19 AUGUST 1905, Page 22

Sir Henry Bessemer : an Autobiography. (Office of Engineering. 16s.

net.)—Sir Henry Bessemer died seven years ago, leaving this autobiography incomplete,—it ends, curiously enough, with an account of what we may call his "anti-sea-sickness steamship" experiment. The story is highly technical in character, and, we take it, not a little controversial. We shall not attempt to deal with it in detail, but shall content ourselves with a general recommendation to our readers. It is, indeed, a narrative of ingenuity and fertility of resource applied to the affairs of life such as it would scarcely be possible to parallel elsewhere. It is a happy thing that Sir Henry Bessemer employed some of the well-earned leisure of his later years—" some," we say, because much was spent on other activities—in putting together this history of his life-work. Nor must we forget to acknowledge the benefit that there was in his son a person fully com- petent to complete what had been left unfinished. The invention which. made Bessemer a name known all over the civilised world was, of course, the steel which bears this title. It is not too much to say that it was a discovery which rendered possible much of the progress which human life has made on the side of mechanical appliance. It gave to the world a material less costly and more easily applicable to certain necessary purposes than it had before. And the rewards of genius were not wanting. The process was described in a paper read at the British Association in 1855, and published in the Times. A fortnight afterwards Mr. H. A. Bruce (afterwards Lord Aberdare), with Mr. G. Clark, trustees for the Dowlais Iron Works, called on Mr. Bessemer, and agreed to pay £10,000 down for the right to make, as long as the patent lasted, twenty thousand tons annually at one farthing per ton ; in a day or two more Mr.

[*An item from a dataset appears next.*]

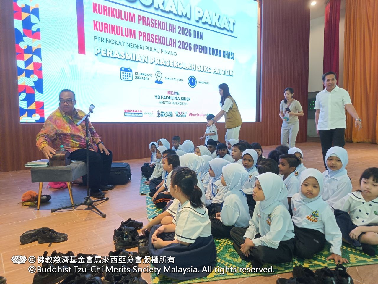 由马来西亚教育部主办的“2026学前班及学前课程(特殊教育)新课纲(PAKAT)”巡回发布会,于1月13日在槟城高渊培德华小举行。高渊慈济幼儿园荣幸受邀,成为活动现场的课程展示单位之一,呈现富有教育意义的环保实践课程。

Smith Dixon, of the Govan Iron Works, Glasgow, made a similar bargain ; and smaller licenses for ten thousand and four thousand tons were granted to a company in Derbyshire and a Welsh firm. Not the least interesting thing in the volume is the list of patents granted in the period 1838-83. They are one hundred and sixteen in number. Most of them refer to iron, ordnance, glass, and sugar ; but bronze powder, varnishes and paints, waterproof fabrics, railway brakes, anchors, firebricks, asphalt-pavement reflectors, are among the subjects,—and, of course, steamships. Truly, obv Zwapbs Betvorepor.